Do you know the parable of the black grouse? These wild chickens once walked around on the Sallandse Heuvelrug. That is why a project was launched to release the grouse again. 180 were caught in Sweden, but hardly one survived in Salland. They did not thrive, despite the felled forest, the increased moorland and the eight tons it cost to catch and fly. But the grouse project continued. At one point even the hawk had to be fought, which sometimes outwitted a black grouse. Although the hawk was also protected, it was not the target. That was the grouse.
It is an almost biblical story, from the book by bird of prey expert Rob Bijlsma, Churches of gold, pastors of wood (Atlas Contact, 2021). And the story has a moral for the nitrogen crisis. Nature is not a fact, but a representation, an appreciation. For the participants in the grouse project, grouse were nature. The second lesson is that of ends and means. For the return of the grouse, that poor hawk also had to give way. There is a certain fanaticism involved. Even if the goal is unachievable, the drug continues to be administered.

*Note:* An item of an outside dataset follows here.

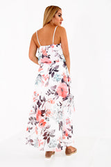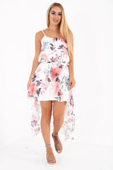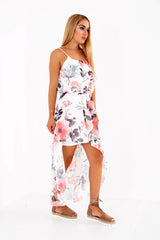 Spring Floral Asymmetric Dip Hem Chiffon Cami Dress

In the excitement about nitrogen, the question of what nature is disappeared behind the horizon. There is no more manufacturable nature than the Dutch, in which sawing, felling, teasing, releasing, capturing and transferring is done continuously. But what is nature actually? On Sunday Member of Parliament Tjeerd de Groot (D66) said firmly Buitenhof that things are going very badly with Dutch nature. Nature is receding. Nobody contradicted him, not even Sjaak van der Tak of the farmers. For those who want to see the gentian blue bloom, things are indeed going badly. But for those who love storks or wolves, the Dutch nature is a miracle. Especially when you consider what a century ago nature was in this country for the poet: a piece of forest the size of a newspaper.
But as things go in politics, an objective benchmark had to be found for experiencing nature. After all, measuring is knowing. This is how nitrogen values came into the world, mainly under the influence of the judge, who had to make decisions in the event of disagreements about nature quality. Nitrogen precipitation became nature’s thermometer, to which we owe the fruitless debate about whether or not models are correct to determine deposition, or whether measurement is better than modeling. This also includes the tragic images in the news of cow toilets, which have to prevent a shot glass of cow pee from leaving the stable with ingenious lifting constructions.

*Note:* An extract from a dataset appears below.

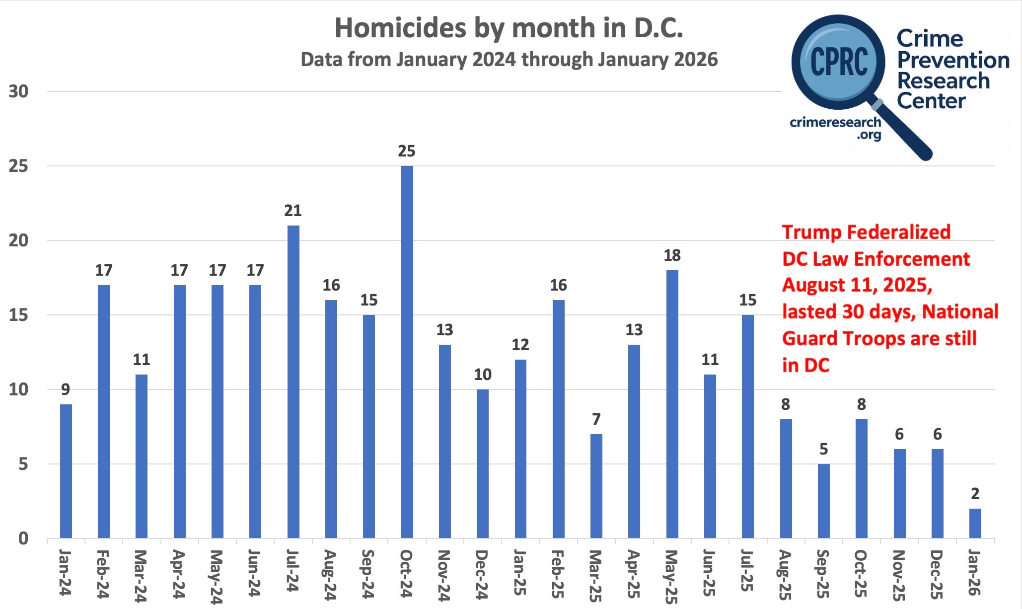 The Washington Post doesn’t really want to give President Trump credit for the drop in crime in DC. Please look at the graph above and notice that there was a discrete change in August and September 2025 (and the change only started about half way through August on the 11th). One important point is the homicide count from DC Crime Cards from the DC police department differs from those shown in the Washington Post. For example, CrimeDataDC reports 15 in July 2025, while the Post appears to show figure 12, so they have done that to minimize the drop in August. Please check the data yourself.

I borrow some things from a so-called round table in the House of Representatives a year ago. There, someone from the Netherlands Environmental Assessment Agency (PBL) argued that we should move away from the obsession with nitrogen and return to the debate on nature quality, and that there is scope for this within the European guidelines. In a report from the same PBL, Towards a way out of the nitrogen crisis (2021), I read that maintaining current nitrogen targets would lead to the end of agriculture as we know it. Open livestock farming and arable farming in Gelderland, Brabant and Overijssel, even organic, circular, nature-inclusive, you name it: ‘A final picture is emerging.’

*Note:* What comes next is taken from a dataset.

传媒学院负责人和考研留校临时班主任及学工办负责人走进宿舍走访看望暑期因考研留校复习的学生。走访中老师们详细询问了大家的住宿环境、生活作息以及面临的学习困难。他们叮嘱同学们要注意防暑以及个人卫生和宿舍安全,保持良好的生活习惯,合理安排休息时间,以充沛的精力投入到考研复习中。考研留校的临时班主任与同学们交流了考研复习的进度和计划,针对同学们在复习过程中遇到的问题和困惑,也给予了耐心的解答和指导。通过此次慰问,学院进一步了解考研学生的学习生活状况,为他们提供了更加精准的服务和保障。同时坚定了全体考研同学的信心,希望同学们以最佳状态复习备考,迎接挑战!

That is a dramatic finding. But to quote Twan Huys, who tackled the subject of nitrogen Buitenhof broached, ‘the time of porridge and wetness is over’. Such is the mood in the country. We have to follow the laws and science, Tjeerd de Groot said, with a hint of complacency. Not long ago there was a typical Dutch nitrogen compromise. It was called PAS, Nitrogen Approach Programme. Expansion or new construction could be checked against less nitrogen emissions in the long term. That was fired by the judge and a traumatic construction freeze followed. Since then, the PAS scheme has only been mocked, with Henk Bleker (CDA) being the angry pier.
There are quite a few former politicians walking around with nitrogen on their hands, such as Diederik – ‘the beauty of the compromise’ – Samsom and Sharon Dijksma (both PvdA). None of them want to be reminded of their nitrogen adventures and that too fits the times. In these excited days, people sometimes forget that politics is just about keeping things wet, in other words, preventing people from hitting each other in the head. The nitrogen compromise has been exchanged by court decisions for the great right of activists and conservationists. It is an example of the legalization that is the ax to the root of politics. Not a bit equal and can live with that, but beating the opponent has become the bet. For the losing farmers, there is also the felt condescension of Randstad officials and politicians with their paper reality.
As far as that paper reality is concerned: the necessary reduction in nitrogen percentages has now been completed, and nothing else. ‘We are going to talk about how’, said VVD party leader Sophie Hermans. On the famous map from the ministerial nitrogen letter, I saw the modest nature reserve in the Peel and the expanse around it that would have to be cleared by pigs. The PBL wrote about ‘a landscape change that could be unparalleled historically’. No one knows what to do when all those stables, barns and fields are immediately empty. I heard the first criminal cannabis growers have already reported to reuse the sheds. Another possibility is that we will have an endless wasteland of solar panels, something like the new progressive college in Groningen envisions. We can call it nature.